I was 20 years old and still relatively new to the scary world of hospitals, tests and of course these strange symptoms my body was having. I was training to be an Osteopath at the time, so whenever I experienced a new symptom my brain would jump into action thinking of all the possibilities it could be. I put up with this rheumatologist for over a year because I thought I had to. I had a similarly uncaring GP who would brush off any symptoms and when I said how I was training to be an Osteopath, he said sarcastically “huh, good luck with that” and stood to open the door for me to leave! That was the last appointment I had with him. I made it very clear to the receptionist if I was requesting an appointment that I would not see him.

After graduating, I moved back home to live with my parents and decided to move rheumatologists too. I went to my first appointment prepared with a write-up of my medical history, symptoms, treatment tried so far and a list of priorities. Near the top of the list was reducing the nausea and vomiting from the methotrexate and to diagnose and treat my back pain. I met Dr R and she sat and talked to me for over half an hour. She read through my entire write-up and summed up that the management of my condition so far was not good enough. She immediately decided to change the methotrexate to injections to reduce the side effects and gave me a telephone number to contact the rheumatology nurse to update her on the progress. I was even scheduled to have an appointment to teach me about the medication and how to take it, rather than relying on doing my own research like I had to with the previous doctor.
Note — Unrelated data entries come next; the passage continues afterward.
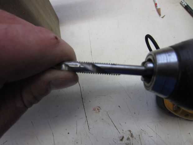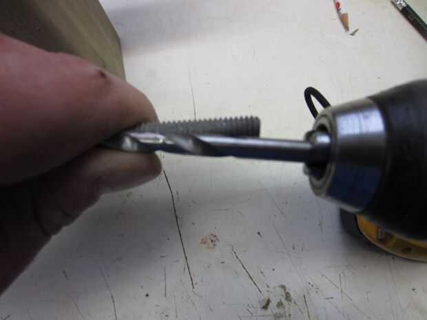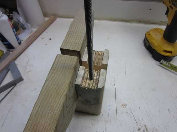 Ahora necesitas hacer un agujero para el tornillo en. Asegúrese de utilizar el tamaño correcto de broca a pre-taladre el agujero para que el tornillo entra fácilmente y no tirar cuando usted apriete el tornillo de banco (ver imagen). Centro del agujero en un lado de la muesca en el 4 x 4 (ver imagen). Taladre el agujero de unos 2-3 pulgadas de profundidad, y luego giro en el tornillo con unos alicates tornillo apretones (o incluso con su taladro inalámbrico). El tornillo debe ser ajustado en 4 x 4, si no es usted puede necesita para intentarlo de nuevo el otro lado, o pegamento en su lugar. Cuidadosamente corte el hilo de todo un poco inferior a la parte superior de la afinación tornillo para que tu tabla de snowboard no conseguir rasguñado por él.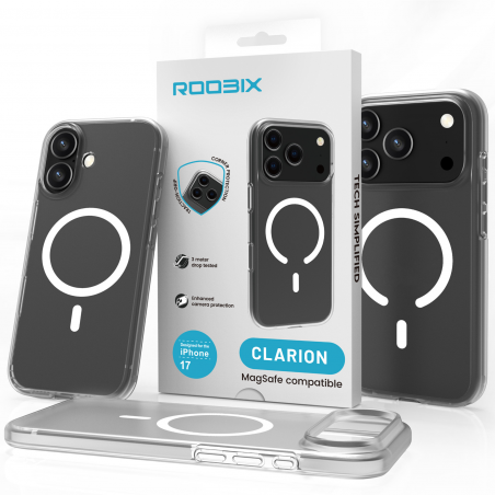 Etui wykonano z połączenia tworzyw TPU i PC, które gwarantują wysoką odporność na promieniowanie UV. Dzięki temu Roobix Clarion MagSafe zachowuje doskonałą przejrzystość nawet po wielu miesiącach użytkowania. Telefon zawsze wygląda jak nowy – bez nieestetycznego zażółcenia, smug czy matowienia. To idealny wybór dla tych, którzy cenią czystość formy i chcą podkreślić design swojego iPhone’a 17 Air.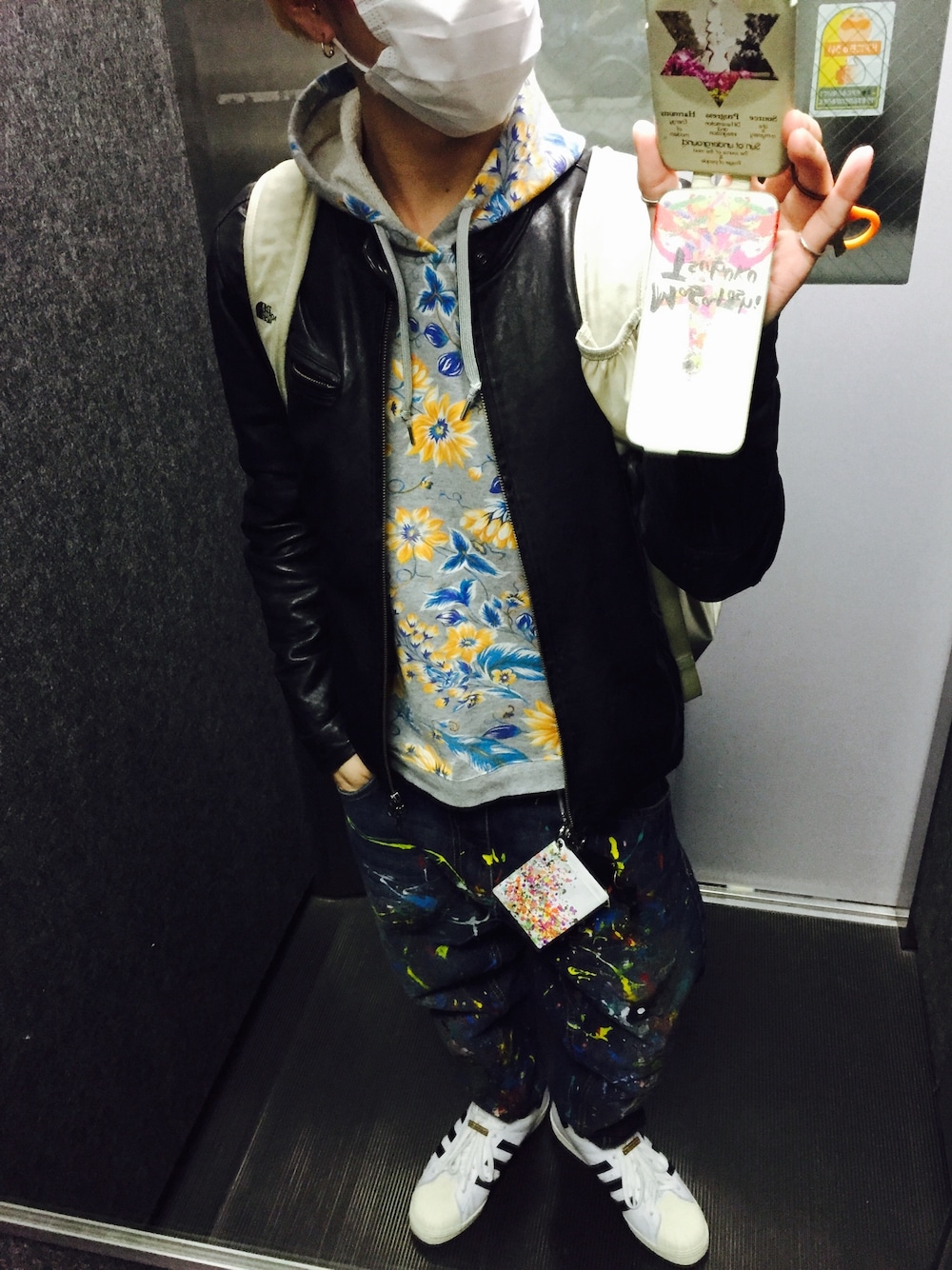 ボタニカル柄のパーカーとペイントデニム合わせたら柄柄感が凄いな。 ライダースで隠す。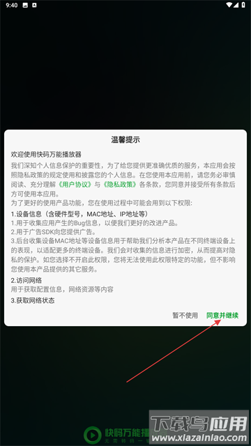 1. 首次使用点击【同意并继续】接受快码万能播放器服务条款。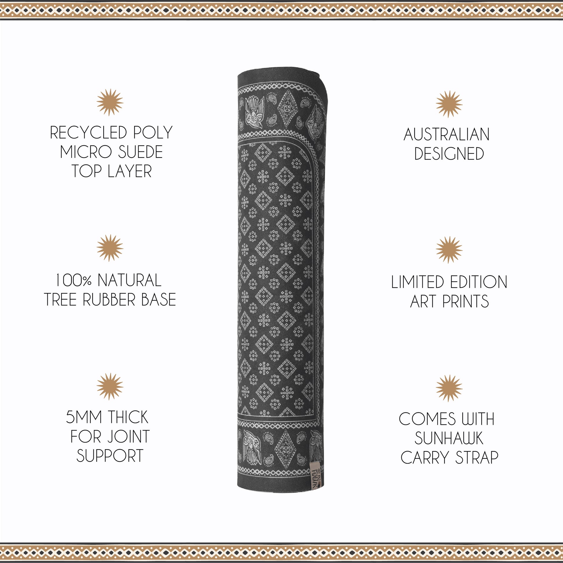 Our signature SunHawk yoga mat brings a bandana style artwork to your home and yoga practice. Australian designed with a simple charcoal & ivory colour palette that complements your home decor, so you can leave this yoga mat set up and ready to go for your morning stretch as part of your daily ritual.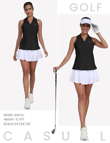 HOT ! MoFiz Women's Golf Shirts Sleeveless Tennis Tank Tops Racerback Polo V Neck Collared Quick Dry Athletic Tanks

I eventually moved onto a new medication because I was still getting bad side effects from the methotrexate, no matter how I took it. Then Dr R explained that she didn’t think I had RA. This opened up a whole range of possible diagnoses and treatments. Luckily with my Osteopathic knowledge I knew of a particular blood test to check for spinal inflammatory diseases, my GP ordered it and after the relief of a false negative, my GP called me in again to tell me that it had been ‘reviewed’ and was actually positive. So with a positive blood test, an MRI showing no inflammation and loads of random symptoms, Dr R is now reviewing everything with the head rheumatology consultant to get the most accurate diagnosis.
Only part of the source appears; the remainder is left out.